October 1, 2012
Judge Rules That Mass Arrests at a 2004 Protest Were Illegal
By BENJAMIN WEISER
A federal judge has ruled that the New York Police Department illegally arrested large numbers of demonstrators at a protest in Lower Manhattan during the 2004 Republican National Convention. But the judge upheld aspects of how the city had handled the protesters’ arrests.
The judge, Richard J. Sullivan of Federal District Court, said that the city had lacked the required probable cause because the police were unaware of whether each individual protester had broken the law.
“An individual’s participation in a lawbreaking group may, in appropriate circumstances, be strong circumstantial evidence of that individual’s own illegal conduct,” the judge wrote in a 32-page opinion. “But, no matter the circumstances,” he added, “an arresting officer must believe that every individual arrested personally violated the law. Nothing short of such a finding can justify arrest. The Fourth Amendment does not recognize guilt by association.”
The ruling on the protest, which occurred on Fulton Street on Aug. 31, 2004, was a kind of test case examined by the judge of one group of plaintiffs among hundreds who filed false-arrest claims in the wake of the demonstrations, which rippled across the city during the convention and at times erupted into confrontations with the police. The ruling, dated Sunday, opens the door for the city to have to pay damages to the plaintiffs in the Fulton Street arrests. More than 200 were arrested during that protest, though not all have lawsuits pending.
But the judge also rejected arguments that the city had violated the protesters’ First Amendment rights by not treating their arrests as a lesser violation that would typically result in the issuance of a summons, and processing them instead through the courts, including detaining and fingerprinting them and taking them before a judge.
The judge found that the no-summons policy passed constitutional muster because it was a response “to a threat derived from intelligence sources — namely, that demonstrators aimed to ‘shut down the City of New York and the R.N.C.’ through ‘continuous unlawful behavior,’ ” and that they “would be undeterred by the issuance of summonses.” He added that the policy “was in place only for the brief duration the threat existed.”
Both sides praised aspects of the ruling. Peter Farrell, a senior lawyer with the city’s Law Department, said the demonstrations had made “an extraordinary security challenge.”

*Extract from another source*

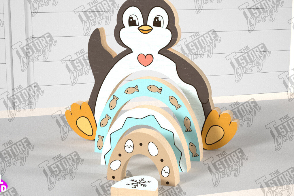 Intra απο ξύλο plywood 3mm-4mm πάχος – Ξύλινος Πιγκουίνος Φωλιάσματος | Παιχνίδι μωρού | CNC Δίασταση 20×20 cm INTRAFABR-101169384

The ruling “validates two city policies the plaintiffs have spent almost five years exclusively litigating — to fingerprint arrestees and not to issue summonses,” Mr. Farrell said. “The court upheld these policies under the most exacting judicial scrutiny possible, finding them constitutional and warranted in light of the threats the city faced during the R.N.C. We are reviewing the remainder of the decision and considering our legal options in that regard.”
Christopher T. Dunn, a lawyer with the New York Civil Liberties Union, which represents some of the plaintiffs, said the judge had “emphatically rejected the city’s claim that it could make mass arrests of protesters.”
“With this ruling,” he added, “the time has come for the city to put this controversy behind it, to settle the rest of the convention cases, and to make sure that mass arrests never happen again here.”
Bob Curley, a lawyer from Philadelphia who was arrested near Fulton Street with his son, Neal, then 16, and held 16 hours, said that he thought the arrests in 2004 were meant to “discourage dissent” and felt vindicated by Judge Sullivan’s decision.
“I was pretty shocked when it happened,” he said, describing the moment he was taken into custody. “I said to my son this isn’t the America I grew up in.”
Colin Moynihan contributed reporting.